You Mustn't Give Your Heart To A Wild Thing

Twenty Three

‘Verity, it’s uh, it’s ye Mother’

I couldn’t remember the last time I’d heard her voice, but that wasn’t to say I didn’t recognise it. ‘I forgot ye birthday, ‘m sorry. Jake reminded me last week and it must’ve slipped my mind, ‘ve been busy an’…well, Happy Birthday pet. If ye could give me a call when ye get this I can get ye address an’ see about sendin’ over a pressie; I can‘t believe I don‘t ‘ave my own daughters address. I…give me a call love, please. It’d be nice t’ catch up with ye’

Alex found me frozen to the spot; my pointed index finger poised above the ‘delete’ button. A large colourful bag was clutched in his hands and a bunch of heart shaped foil balloons were hovering just above his head. “Should I ask who that was?”

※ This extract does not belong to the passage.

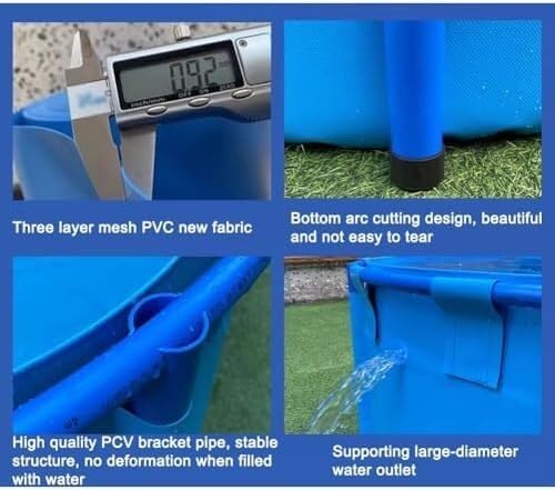 Discover our premium round fish pond, specially designed for outdoor enthusiasts and aquarium aficionados. This versatile temporary pond creates a serene water feature in your garden. Crafted from 0.96mm thick premium PVC, it ensures exceptional durability and abrasion resistance. The waterproof fabric is long-lasting and easily foldable for convenient storage and transport. Its vibrant blue design adds an elegant touch to any outdoor setting. Its design incorporates a robust support system, with strategically positioned support tubes around the perimeter ensuring structural stability. This meticulous construction minimises deformation risks, providing a secure habitat for fish. A practical drainage outlet allows for convenient maintenance when required. Imagine hosting family gatherings or summer parties beside your new pond, where guests can relax amidst the soothing sound of flowing water and the charm of aquatic life. Whether you're an fishkeeper or simply wish to enhance your outdoor space, this pond offers a practical and stylish solution. The kit includes the pond basin and mounting brackets for quick and effortless installation. Designed to meet the needs of both novice and experienced aquarists, this reliable and efficient pond is sure to elevate your outdoor experience.
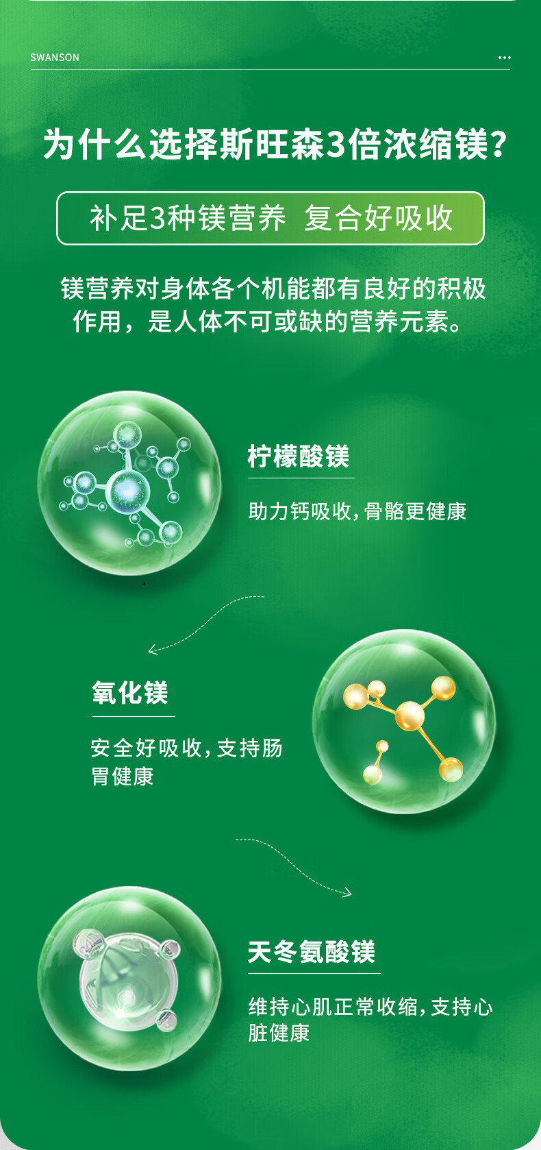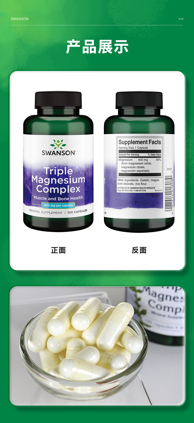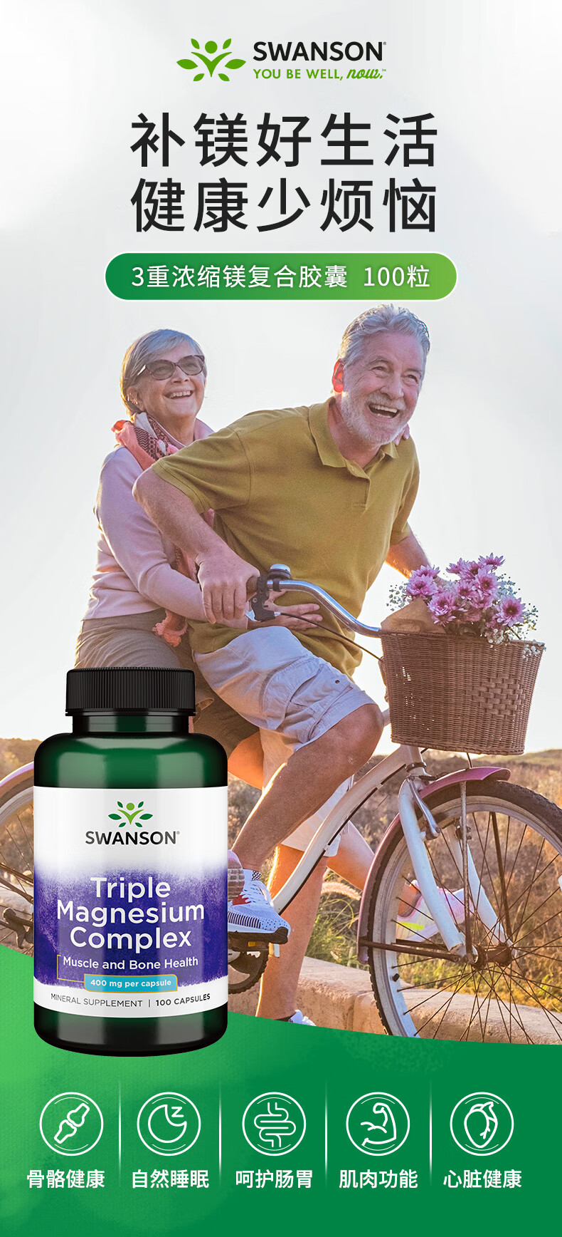 斯旺森(SWANSON)三重复合镁补充剂400mg100粒 放松肌肉抽筋舒张血管 舒缓情绪压力 3重浓缩镁营养100粒

“It were my Mum” I mumbled quickly, “apologisin’ for missing my birthday”

He opened his mouth to pose the question I could read in his furrowed brow, but I continued before he had the chance. “Which she hasn’t, not even wi’ the time difference or whatever. ‘s my birthday today, everywhere. I can’t believe she got it wrong”

‘Your message has been deleted’

“Ye’d think that givin’ birth might be something that’d stick with ye”

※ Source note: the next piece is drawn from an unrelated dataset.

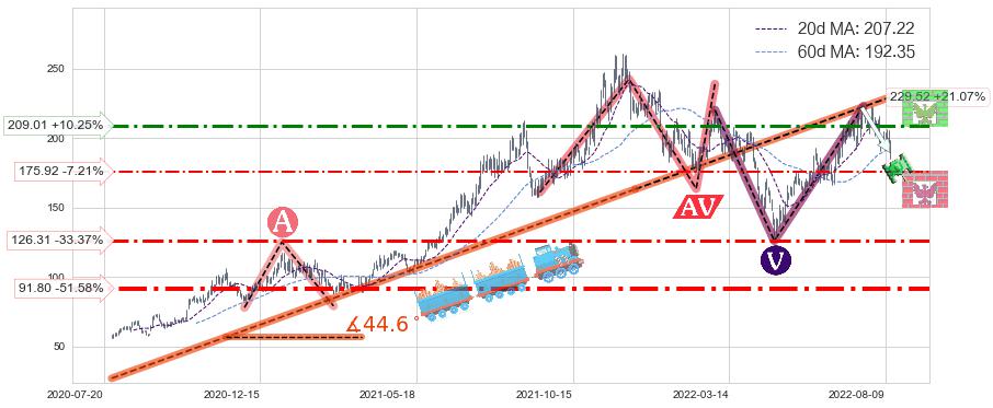 ♘ 阻力价格位209.01,可信任强度58.54%,距离最后交易2022-08-12形成的收盘价格189.58相差 +10.25%

Alex shrugged awkwardly, a clumsy smile smudging across his lips. He would happily wax lyrical about most things that bugged me, but when it came to my Mom he was always uncharacteristically silent. He didn’t feel comfortable…or something.

I shook my frustrations out through limp arms, “Are those for me?”

His smile slipped from smudged to sheepish and he answered, not with words, but by pushing the bag in my direction. It was filled to the very top with beautifully wrapped presents and gift boxes. Magenta and violet tissue paper filled the spaces between, and my name was scrawled messily on every heart shaped tag attached to each parcel; ‘love Alex’ scribed below. “Ye didn’t ‘ave to…”

“And risk that wrath when you thought I’d forgotten?” He chuckled lightly, “No thank you”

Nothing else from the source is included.